Biochemistry, X-rays to identify vertebral fractures (VFs) and to confirm non-vertebral fractures (NonVFs), and high-resolution peripheral quantitative computed tomography (HR-pQCT) to evaluate bone microstructure.

Results

Serum 25(OH)D levels were associated with body mass index (BMI: r = −0.161, P = 0.006), PTH (r = −0.165; P = 0.005), CTX (r = −0.119; P = 0.043) and vBMD at cortical bone (Dcomp: r = 0.132; P = 0.033) and entire bone (D100: r = 0.162 P = 0.009) at the distal radius, but not at the tibia.
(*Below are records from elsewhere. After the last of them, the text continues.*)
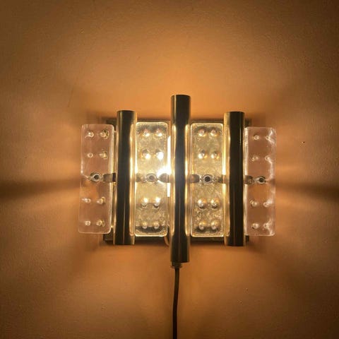 To utrolig flotte vintage vegglamper i glass og messing. Orrefors 60/70-tallet.
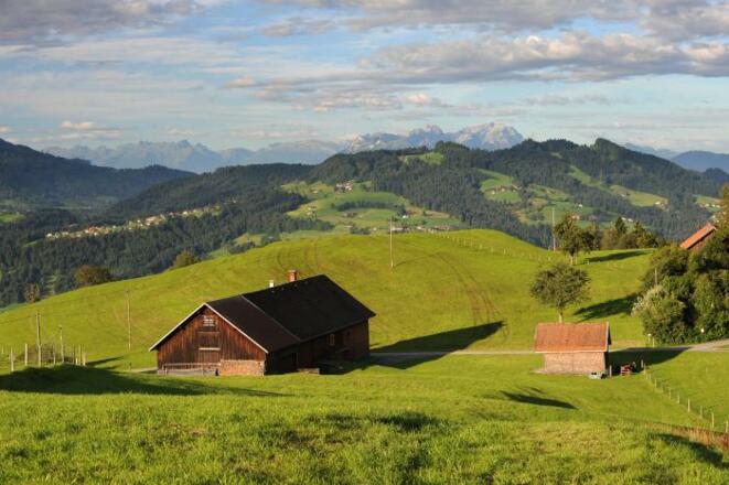Die knapp zweistündige Rundwanderung auf den Hüttersberg ist eine ruhige, aussichtsreiche Tour, die immer wieder den Blick auf das großartige Alpenpanorama lenkt. Die Gipfelschau reicht von der Nagelfluhkette über die Allgäuer Hochalpen, Bregenzerwälder Berge und das Rheintal bis hin zum Schweizer Alpsteinmassiv mit dem mächtigen Säntis.
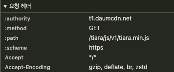 웹 서버로 리소스를 요청할 때 Request Header의 accept-encoding을 볼 수 있습니다.
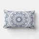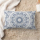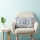 Dit bloemkussen heeft een stoffig blauw en wit bloemmotief. Ik creëerde het ontwerp in een transparante artistieke stijl. Uitzicht de details van het ontwerp om de doorzichtigheid van de bloemen te zien.
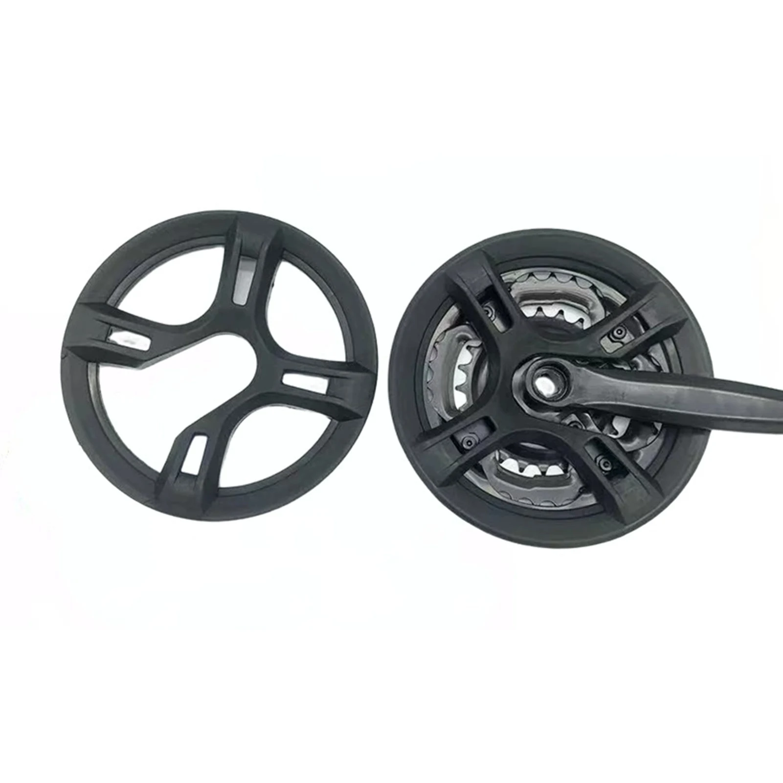 Scratch-Resistant Plastic Construction: Crafted from high-quality, scratch-resistant plastic, this chainring protector provides a resilient barrier that maintains its appearance and integrity through rough use on MTB trails or urban rides, ensuring long-lasting performance and a clean look.
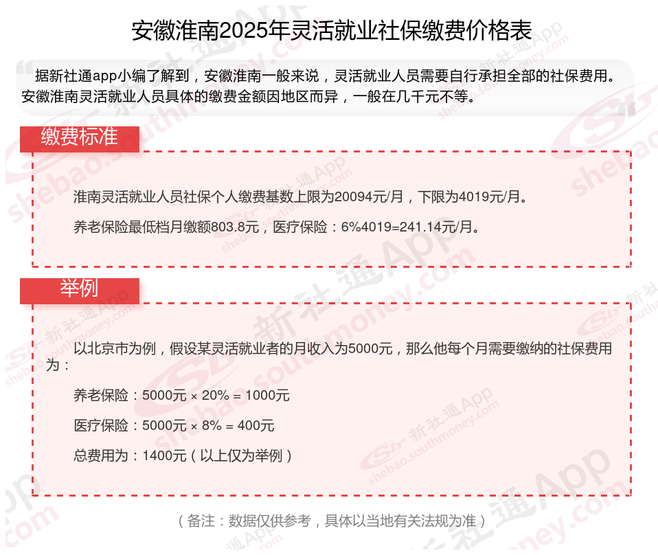安徽淮南灵活就业社保缴费标准来了 灵活就业社保最低要交多少钱?根据新社通app-社保缴费查询工具提供的最新数据如下:
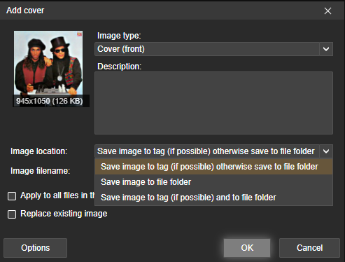 | Description | Add cover dialog should be improved, especially if user Click on Artwork save icon in preview Window i) Image thumb do not have "Show full size". User can't double click/right click on Thumb to see/get full fetched size image ii) Right click on Thumb should contain Lookup Image in order to save user numerous clicks (eg. Cancel -> Right click -> Lookup image -> Ok -> Add cover dialog iii) Image Location contain "Save to tag or to folder", "Safe to folder", "Save to tag and folder" the missing case is "Save to tag (if possible)"/"Only save to tag (if possible)" which will not try to save to folder if save to tag fail. | ||||

Age and PTH levels were potential confounding variables, but in the multiple linear regressions only BMI (95% CI: 0.11–4.16; P < 0.01), 25(OH)D (95% CI: −0.007 to 1.70; P = 0.05) and CTX (95% CI: −149.04 to 21.80; P < 0.01) predicted Dcomp, while BMI (95% CI: 1.13–4.18; P < 0.01) and 25(OH)D (95% CI: 0.24–1.52; P < 0.01) predicted D100. NonVFs predominated in patients with 25(OH)D <20 ng/mL (P = 0.013). Logistic regression analysis showed a decrease in the likelihood of presenting grade 2–3 VFs/NonVFs for every increase in 25(OH)D (OR = 0.962, 95% CI: 0.940–0.984; P = 0.001), BMI (OR = 0.932, 95% CI: 0.885–0.981; P = 0.007) and D100 at radius (OR = 0.994, 95% CI: 0.990–0.998; P = 0.005).

Conclusion

In elderly patients with prevalent fractures, vitamin D deficiency was associated with cortical bone loss and severity of fractures.